Coulson J lays down law on negligent property valuations
E.Surv needed to do more than 'fill in tick boxes'
Mr Justice Coulson has set out rules for assessing whether a surveyor has made a negligent mortgage valuation.
He was delivering judgment in the Technology and Construction Court in a case involving the UK’s largest residential surveyor, E.Surv, and GMAC, a centralised mortgage lender based in the USA.
The court heard that GMAC assigned its claims to Webb Resolutions, a mortgage company which specialises in buying loans. Coulson J said that although the two claims at issue were “exceedingly modest”, Webb had another 40 potential claims against E.Surv and more than 200 against other valuers.
Coulson J said that at the time the loans were made, just before the recession, GMAC was “wedded to ‘tick box’ forms for every aspect of their operation”.
Delivering judgment in Webb Resolutions v E.Surv [2012] EWHC 3653 (TCC), he said the issue arose in one of the valuations, a flat in Masshouse Plaza, Birmingham, as to what the E.Surv valuer should do if his obligation to take reasonable care and comply with RICS guidance required him “to do or say something which could not be accommodated by the tick boxes provided”.
Coulson J went on: “I am in no doubt at all as to the general answer to that: if the valuer could not discharge his contractual or tortious obligations to GMAC without adding words somewhere on the form, or producing a covering letter to address the particular issue, then he had to take that course, regardless of the warning in the GMAC guidance notes; anything else would be a plain failure to comply with those obligations.”
Mr Justice Coulson said his earlier summary of the position on the surveyor’s margin of error in making valuations in the 2010 TCC case K/S Lincoln and Others v CB Richard Ellis Hotels still “holds good”.
This stated that for a standard property, the margin “may be as low as” plus or minus five per cent, for a ‘one-off property’, it “will usually be” plus or minus ten per cent, and for a property with ‘exceptional features’, it “could be” plus or minus 15 per cent.
Coulson J said GMAC’s business model at the time “assumed three critical things: that what mattered most was the speed with which the mortgage application was dealt with; that self-certified mortgages were an entirely appropriate product even for those who were ‘credit-impaired’ and that property prices would carry on rising.”
He said GMAC’s CEO, Stephen Knight, had written a lengthy book entitled ‘A Vision for Growth in the UK Mortgage Market’.
“The book was written just before the crash and before GMAC ceased to act as a centralised lender,” Coulson J said.
“It is bombastic in a way peculiar to temporarily successful businessmen.
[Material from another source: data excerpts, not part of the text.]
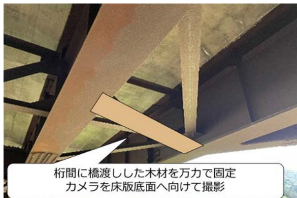
図-2 A橋のRC床版撮影用カメラの設置方法

置にカメラモジュールを設置・固定する。積層ゴム支承およびゴム支承近傍の鋼桁へのひずみゲージ設置は、橋台から作業可能であるため、専門業者ではなく著者らが設置作業を行う予定である。
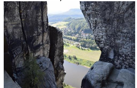
Udsigt til Elben fra Basteibrücke
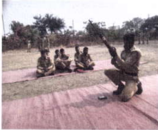
Weapon training organised at college
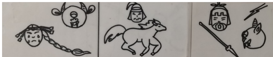
Абааһы уола кыһы уоран барда
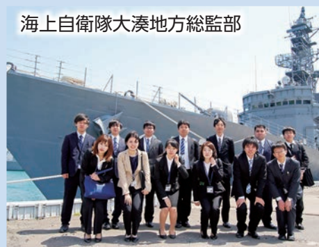
海上自衛隊大湊地方総監部
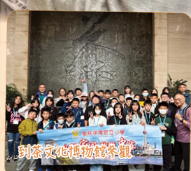
到茶文化博物館參觀
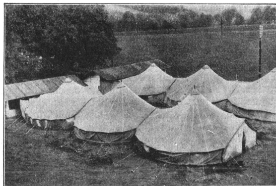
Sanitätszelte (Ambulanz). — Tentes sanitaires (Ambulances).
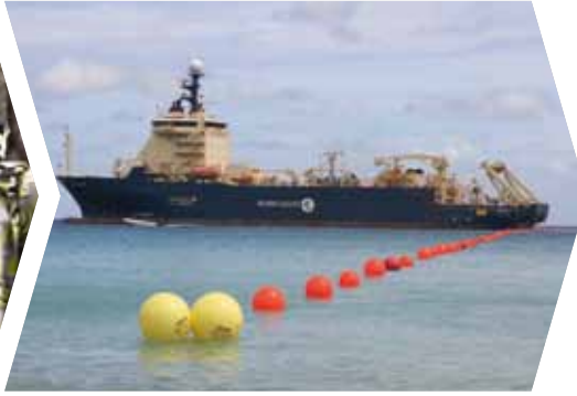
Redes de comunicaciones rápidas y asequibles para las Seychelles (2011)

Volumen total de la financiación destinada a proyectos de energía: 4 000 millones de EUR
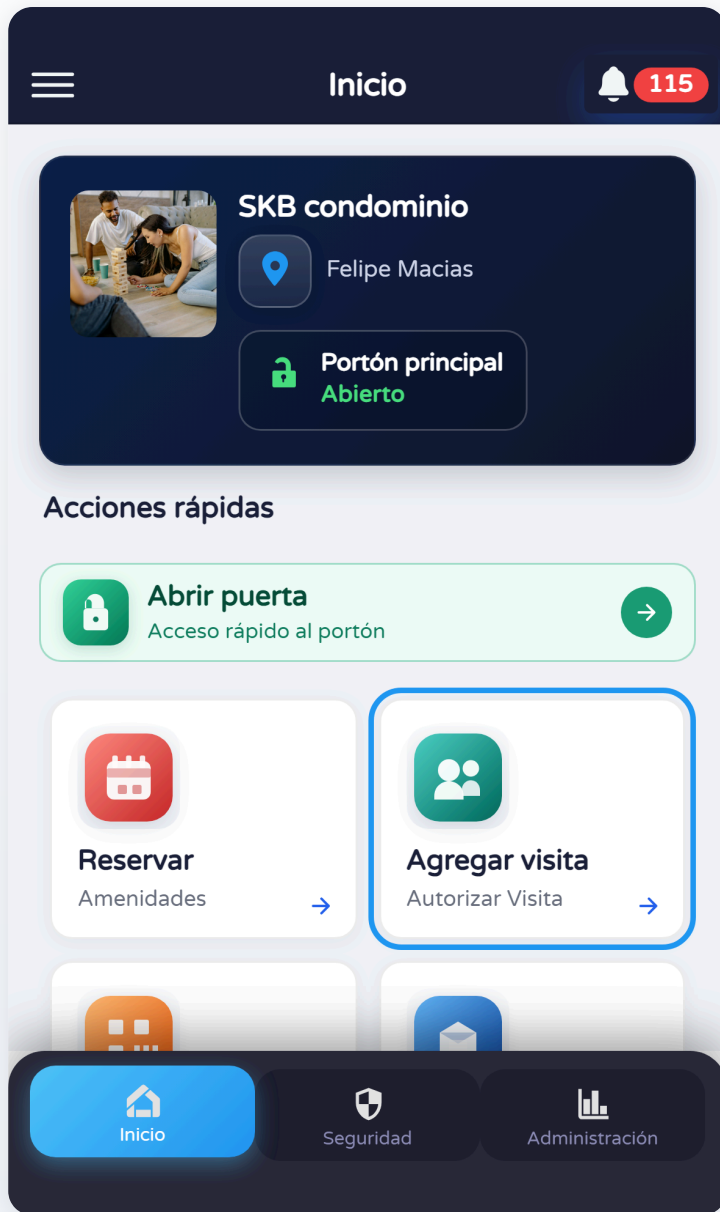
Perfil — tarjeta Agregar visita
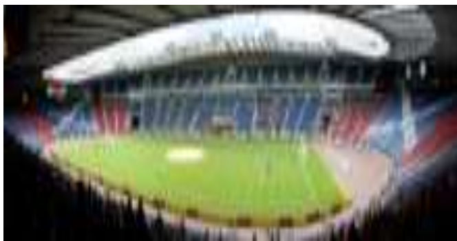
نمایی از ورزشگاه همدن پارک در گلاسگو

اولین مسابقه بین‌المللی فوتبال جهان در سال ۱۸۷۲ بین تیم‌های انگلیس و اسکاتلند در منطقه «پارتیک» شهر گلاسگو انجام شد، که با نتیجه صفر-صفر پایان یافت. گلاسگو، لیورپول و مادرید تنها شهرهای جهانند که هم‌زمان ۲ تیم فوتبال به مسابقه های فینال اروپا فرستاده‌اند. در سال ۱۹۶۷ تیم فوتبال گلاسگو سلتیگ (Glasgow Celtic FC) در فینال باشگاه‌های اروپا (European Cup Final) شرکت داشت و هم‌زمان تیم گلاسگو رنجرز (Glasgow Rangers FC) در فینال جام قهرمانان اروپا (Cup Winners' Cup Final) توپ می‌زد .
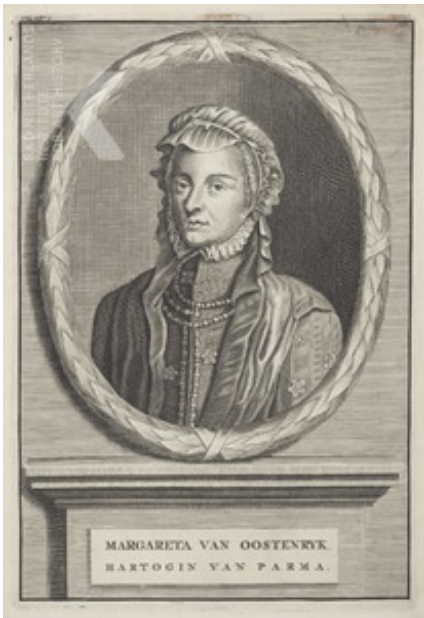
after Antonio Moro, Portret van Margaretha van Habsburg (1522-1586), 1677 of iets eerder
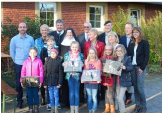
Schülerprojektgruppen des KVG Haus Dinklage rechts und der KVG Grundschule Dinklage links
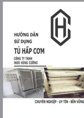
Hướng dẫn sử dụng Tủ hấp cơm
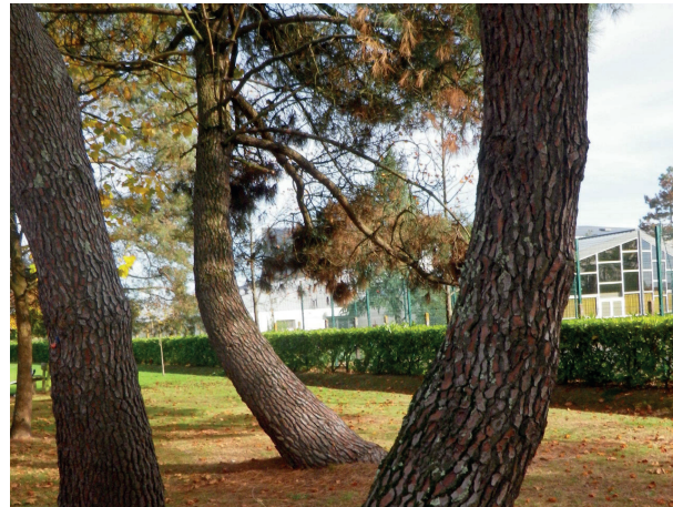
■ Une des manifestations dues aux énergies du réseau Hartmann, les arbres tordus

En 1961, il fonda un Centre de recherche pour la « géobio-
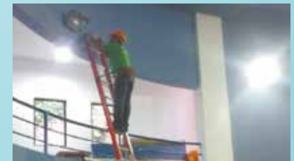
Troca de refletores no Centro Esportivo São Bento
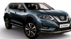
RAQ/М — Синий
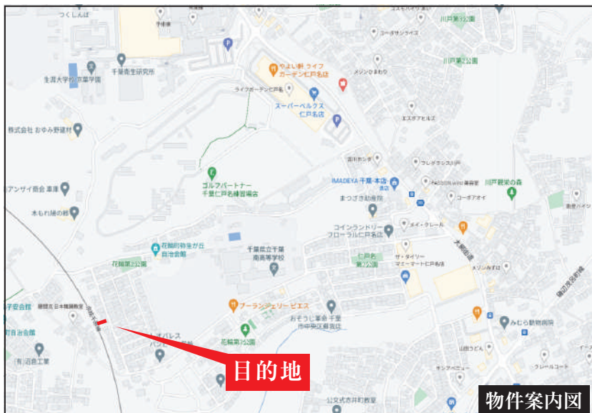
Googleナビ入力 千葉市中央区花輪町38-18付近
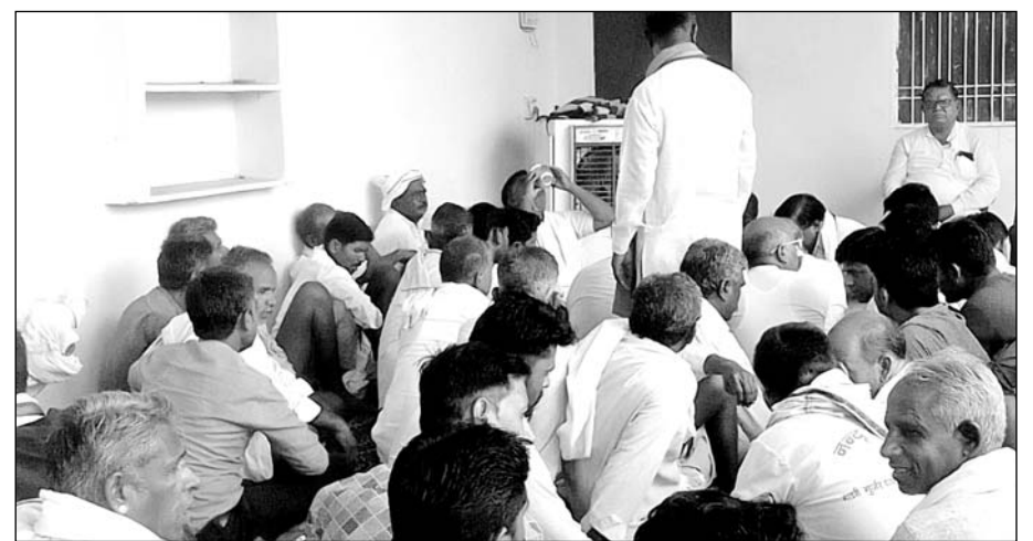
गाडरी समाज की बैठक में समाजबंधु मौजूद रहे।

साथ ही दुकान की बोली लगाने के लिए पहले दस हजार रुपए की रसीद समिति के यहां कटवानी होगी। तत्पश्चात ही दुकानों की बोली में भाग लिया जा सकेगा। बोली में भाग लेने के लिए रसीद 30 जुलाई से एक
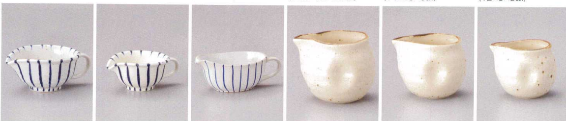
52507-031 ゴス十草ドレッシング(大) 2,400円 (12×10.2×5.6cm) 52508-031 ゴス十草ドレッシング(小) 1,600円 (10×8.7×4.8cm) 52509-281 粉引十草ドレッシング 1,570円 (14.5×8×4.5cm) 52510-101 粉引測サビ汁次(小) 1,900円 (9.7×7.8×7.7cm・250cc) 52511-101 粉引測サビ汁次(ミニ) 1,650円 (8.9×7.3×6.8cm・180cc) 52512-101 粉引測サビ汁次(マイクロ) 1,400円 (7.9×6.4×6.2cm・150cc)

The passage of time has lent hubris to much of the book, which repeats over and over again the importance of an automated process which could give ‘a meaningful predictive decision within seconds of keying the appropriate information’.”
Coulson J said allegations of contributory negligence by E.Surv had to be seen against the context of a background where those involved in the world of financial services and mortgage lending appeared “sadly immune to the lessons of history”.
Mr Justice Coulson found that E.Surv had been negligent with both valuations awarded damages of £22,840 for the first one and £25,600 for the second, a house in Whitstable, after a 50 per cent reduction for contributory negligence.